A faithful copy of the data is what is wanted, minus any pictures.
**** Collected data ****
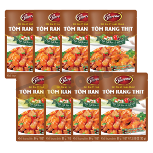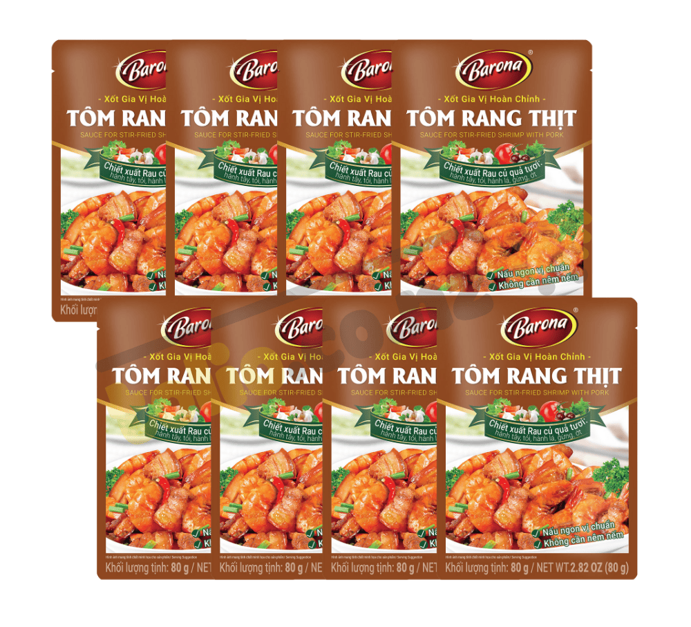 Xốt tôm rang thịt Barona 80g là loại gia vị nêm sẵn được chiết xuất từ rau củ quả tươi như hành tây, tỏi, gừng, ớt và các gia vị truyền thống, xốt tôm rang thịt Barona tạo nên món tôm rang thịt có hương vị tự nhiên, tươi ngon, khiến bữa ăn thêm hấp dẫn.
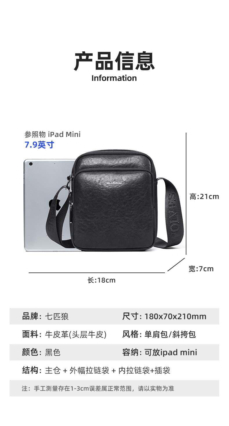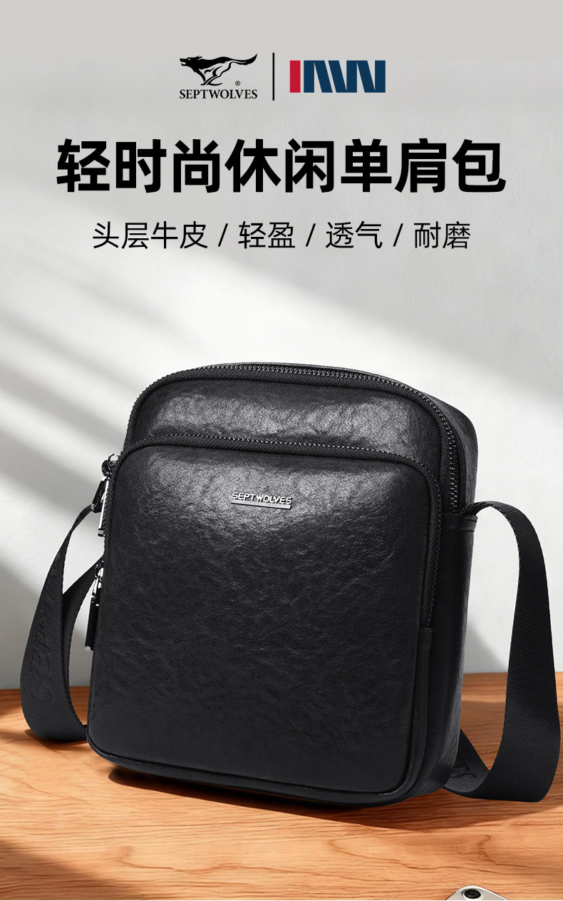 Septwolves Men's Shoulder Bag Genuine Leather 2025 New High-End Business Crossbody Bag Portable Small Backpack for Going Out
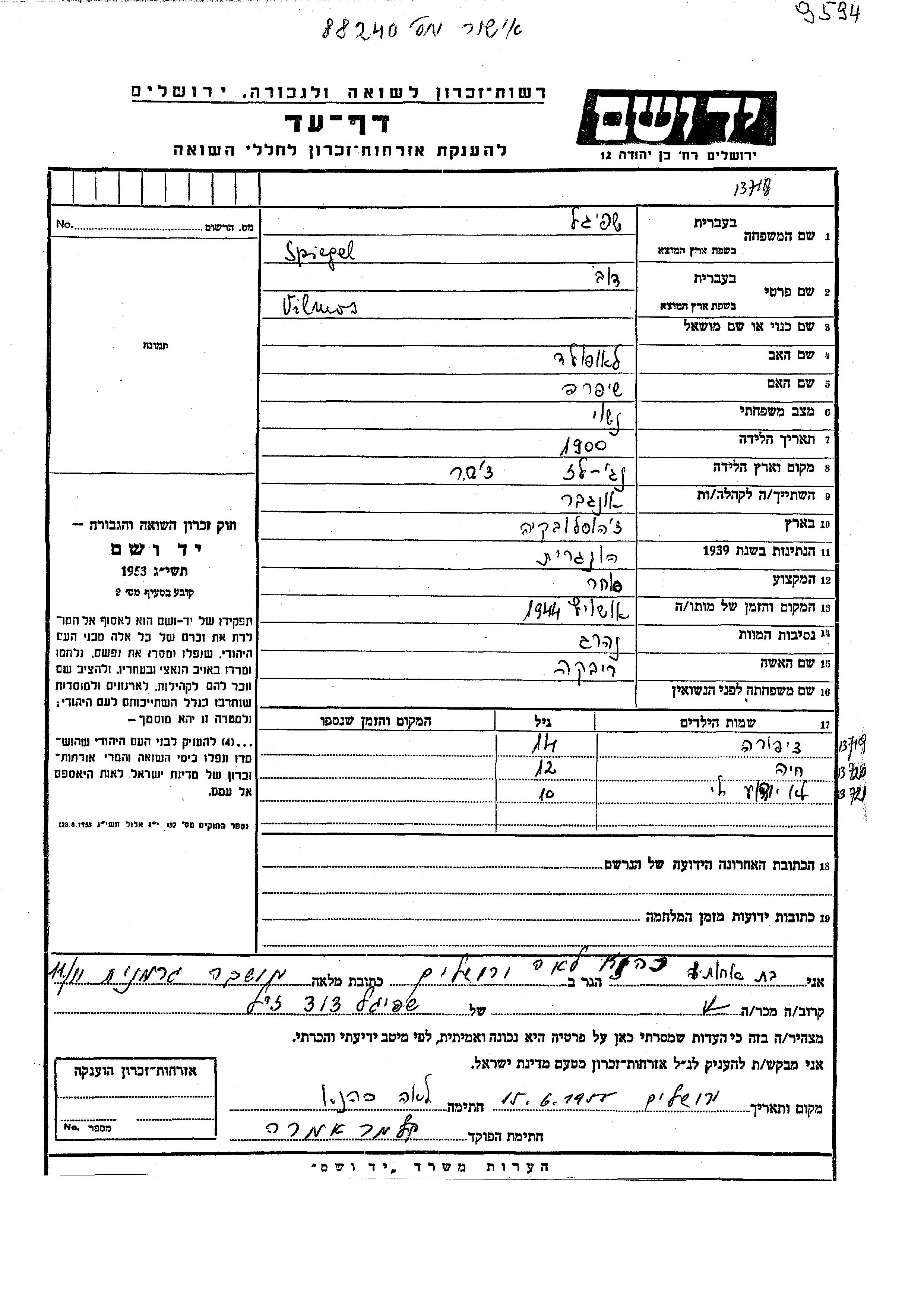 Spiegel nombre desconocido Uzhorod, Checoslovaquia Hoja de Testimonio
****
# [Task result]
 Xốt tôm rang thịt Barona 80g là loại gia vị nêm sẵn được chiết xuất từ rau củ quả tươi như hành tây, tỏi, gừng, ớt và các gia vị truyền thống, xốt tôm rang thịt Barona tạo nên món tôm rang thịt có hương vị tự nhiên, tươi ngon, khiến bữa ăn thêm hấp dẫn.
 Septwolves Men's Shoulder Bag Genuine Leather 2025 New High-End Business Crossbody Bag Portable Small Backpack for Going Out
 Spiegel nombre desconocido Uzhorod, Checoslovaquia Hoja de Testimonio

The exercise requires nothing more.